The William P. Clements Jr. Prison Unit in Amarillo is no “country club.”
It’s a place where more than 3,500 men serve their time as wards of the state. It can be a violent place. It can be a place of death.
A Texas Department of Criminal Justice corrections supervisor, Major Rowdy Boggs, has been recommended for dismissal after an inmate, Alton Rogers, was found unconscious in his cell after he allegedly was beaten by his cellmate. Rogers died Jan. 18 of the injuries he suffered.
Boggs and 17 other corrections officers face punishment; some of them have been suspended without pay, according to the Texas Tribune.
They’re all innocent, or so they claim, according to an assistant Clements Unit warden who took me on an extended tour of the place shortly after I arrived in Amarillo in early 1995 to start a new job as editorial page editor of the Amarillo Globe-News.
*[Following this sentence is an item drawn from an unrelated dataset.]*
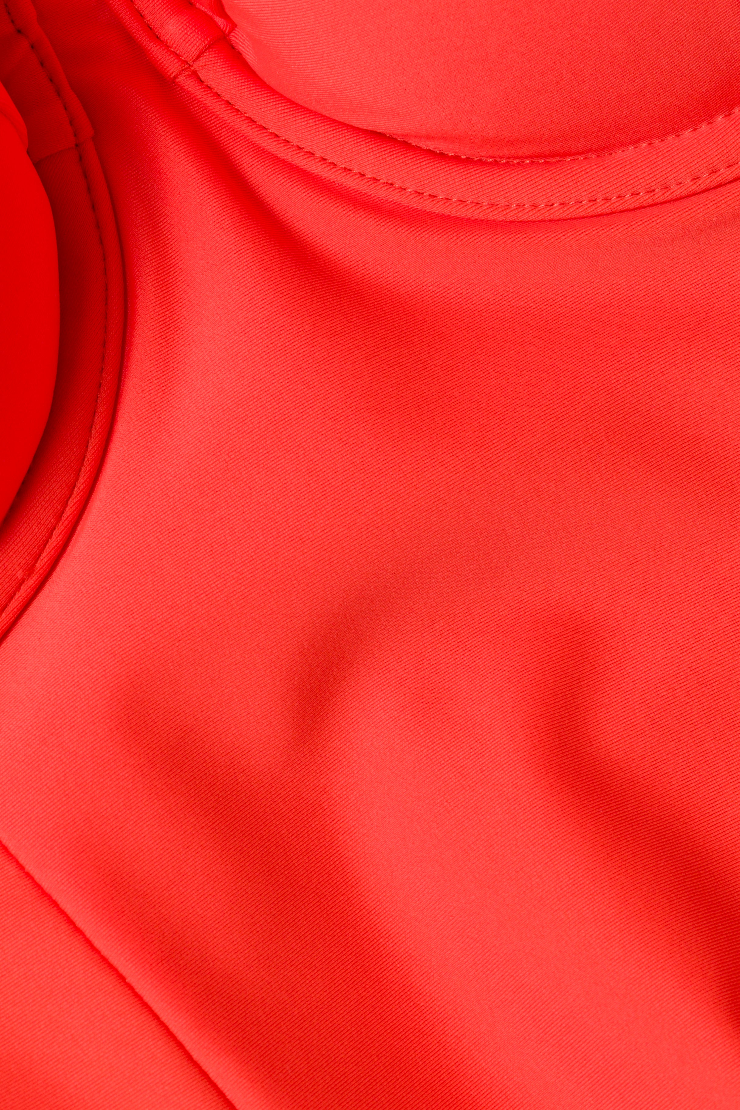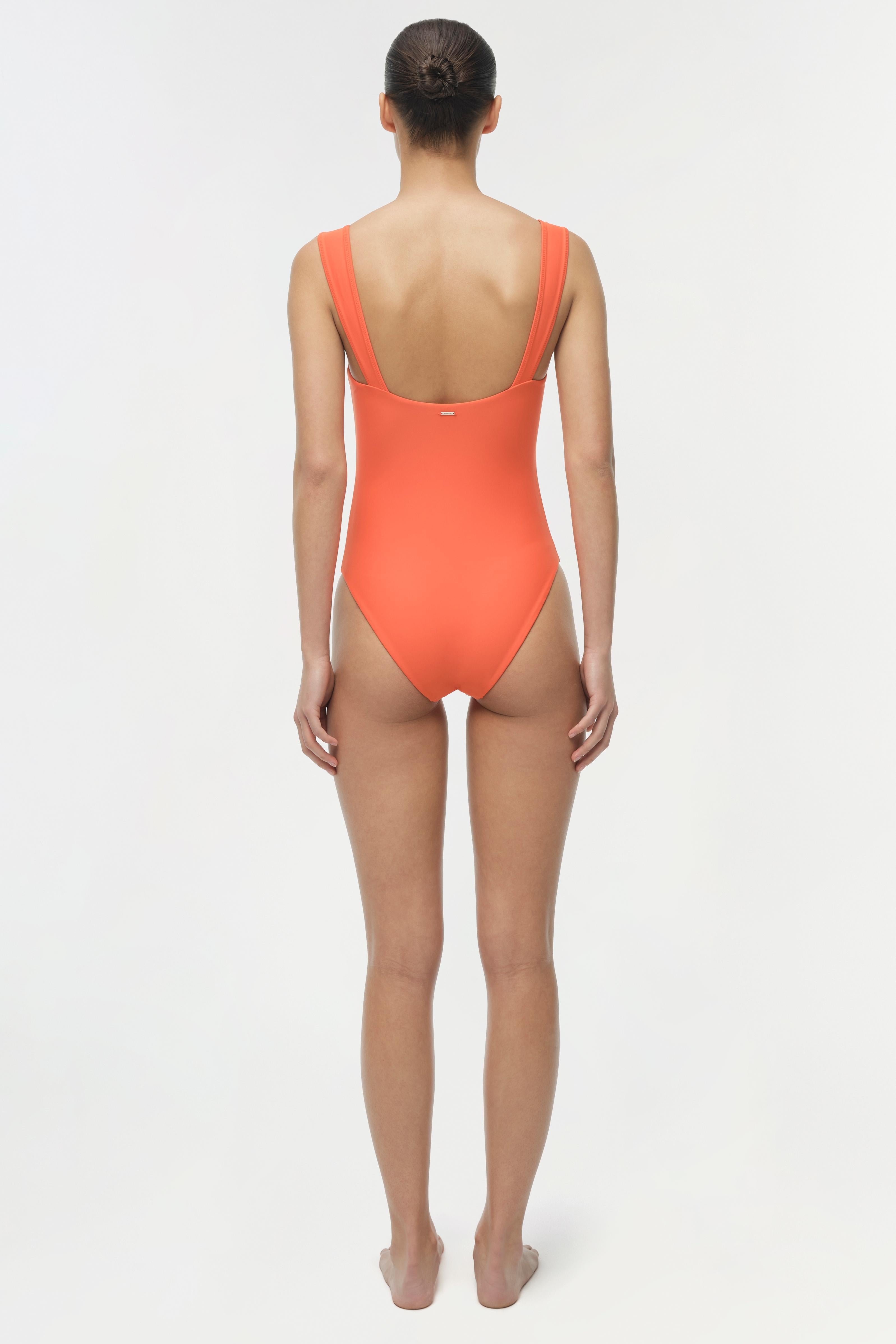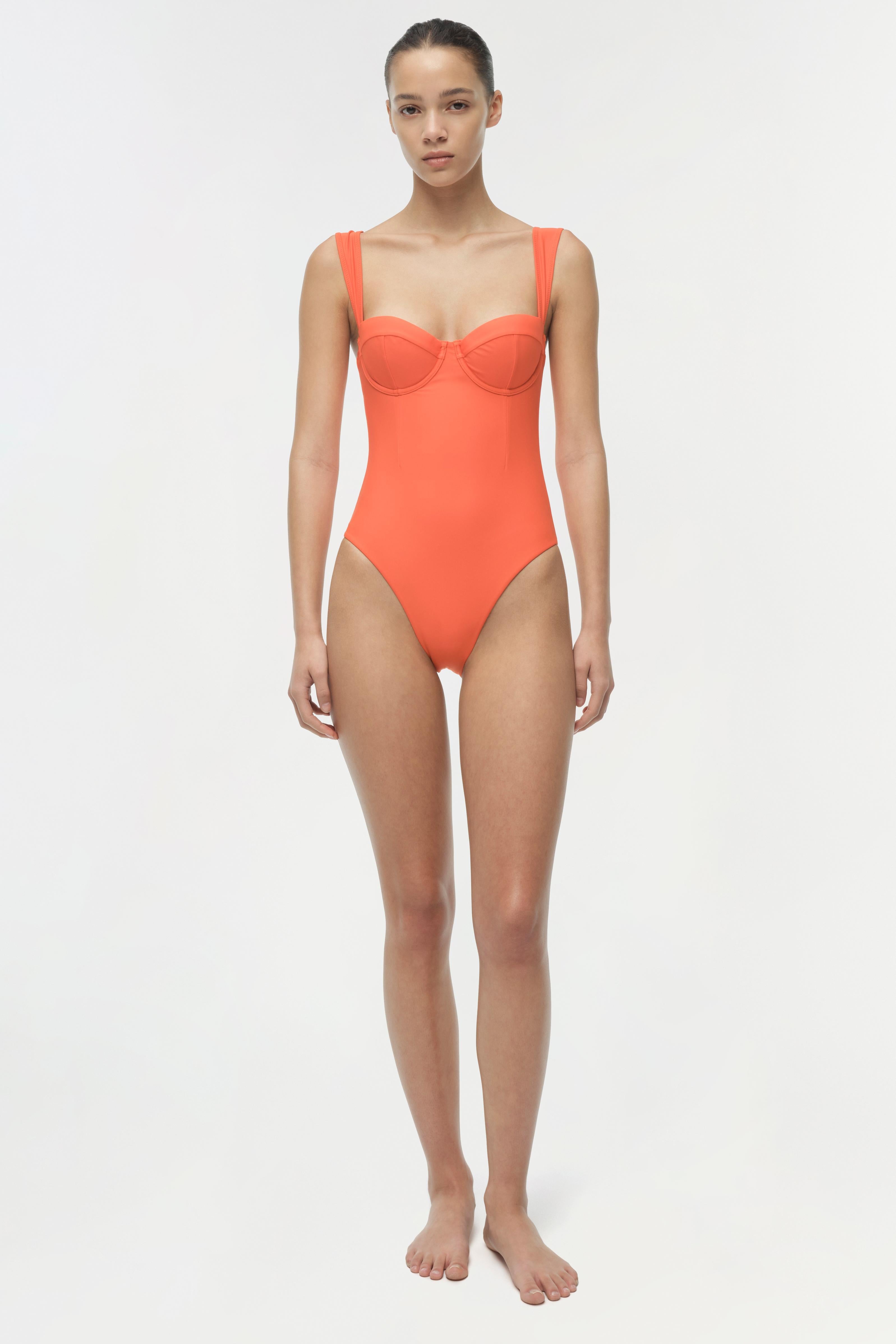 The Kyle Bustier One Piece in Lobster. Crafted from a soft stretch fabric, this one-piece features balconette cups and flared straps that frame the neckline with sculpted support. A seamed bodice adds structure, creating a flattering, streamlined silhouette.

Rick Hudson, then the assistant warden, walked me through the unit one day to show me the TDCJ lockup that was still quite new and in fairly pristine condition. He told me of the fights that erupt within the unit almost daily; in the summer, with the temperatures rising and tensions flaring, the inmate-on-inmate violence gets really serious, Hudson said.
I will add that TDCJ does not equip its prison units with air conditioning.
It’s a tough place to spend many years — let alone spending the rest of one’s life — paying for the crimes they commit.
Yet we hear the canard on occasion from the tough-on-crime-and-criminals crowd that prison life is “too good” for these individuals.
What’s their alternative? Take away the few privileges they get. No TV, no rec rooms, no library. Pack ’em in like sardines.
OK, then. You want more violence? Let ‘er rip! While we’re at it, let’s put the corrections officers — who many folks believe are woefully underpaid — into greater danger trying to break up the fights that are certain to erupt.
Texas got sued once in federal court by an inmate who alleged inhumane treatment. The federal court system took over the state prison system and in the late 1980s and early 1990s, the state embarked on a prison-building program that produced new lockups, such as the maximum-security Clements Unit and the medium-security Nathaniel Neal Unit nearby.
Life for these criminals got nominally more comfortable.
I am quite certain of one thing, though: They aren’t living in country clubs while they pay their debt to society.